High Risk Factors
Before an insurer will consider offering Life Insurance cover to you, they will look at how ‘risky’ it would be for them to accept your application. This reflects how likely you are to claim on the cover, and how many premiums you are likely to pay before this happens. Any high-risk factors you carry as a potential policy holder will usually result in higher premiums or a declined application, but this doesn’t mean you shouldn’t apply. Those with the most dangerous professions or medical history are often the most in need of life cover, so there are still many routes you can take to ensure those you love are protected.
Health and Lifestyle Risks
The key factors that your insurer will look at when considering your application are your age, your smoker status, your BMI (body mass index), your own medical history, and your family’s medical history. They may also ask you to attend a medical exam to give the provider an idea of your health, and will make a more personal decision based on your circumstances. If you have cover in place already and have lost a significant amount of weight to become healthier, or quit smoking for 12 months, you could find a cheaper alternative quote than the cover you applied for when you were considered more ‘risk’.

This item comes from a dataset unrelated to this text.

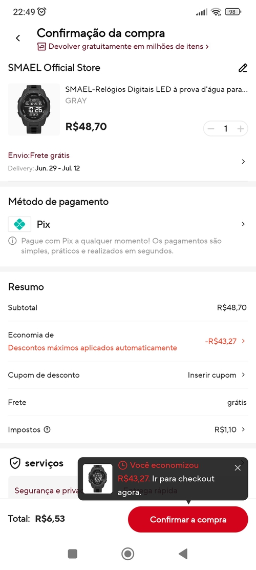 [App/Taxa Inclusa/Moedas] Relógio Digital Smael 8105

Some professions which may be considered ‘risky’ include:
- Police officer
- Fire officer
- Armed Military (including navy and army personnel)
- Piloting (including commercial, military, or private flight)

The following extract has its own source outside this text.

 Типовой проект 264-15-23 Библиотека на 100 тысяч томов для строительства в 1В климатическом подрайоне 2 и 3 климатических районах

- Roofing and scaffolding (working at a height outdoors)
- Off-shore work (including oil riggers, off-shore drillers, & off-shore maintenance)
While your premiums may be higher or cover may be offered with extra conditions, this doesn’t mean you shouldn’t apply. There are insurers who specialise in offering Life Insurance cover for high-risk applicants. Call our dedicated team of consultants for more information about getting covered while in a high-risk occupation.
While it’s true that many adventurous hobbies promote healthy living, there are some activities which are considered particularly dangerous and could make it harder to get insured. Some hobbies that may be considered risky our:
- Extreme Sports (including water-sports, mountaineering, skiing, sailing, diving, etc.)
- Motor-racing or boat-racing
- Motorcycle riding
It’s vital that you disclose any high risk activity on your application; your insurer will likely find out if you have sustained any injuries consistent with a dangerous hobby when they contact your GP and, if you die as a result of an undisclosed high-risk hobby, your policy may be void. However, it’s worth bearing in mind that sport safety standards and medicine practices are always improving, so regularly reviewing what’s available will prevent you from paying above-the-odds for your favourite past-time.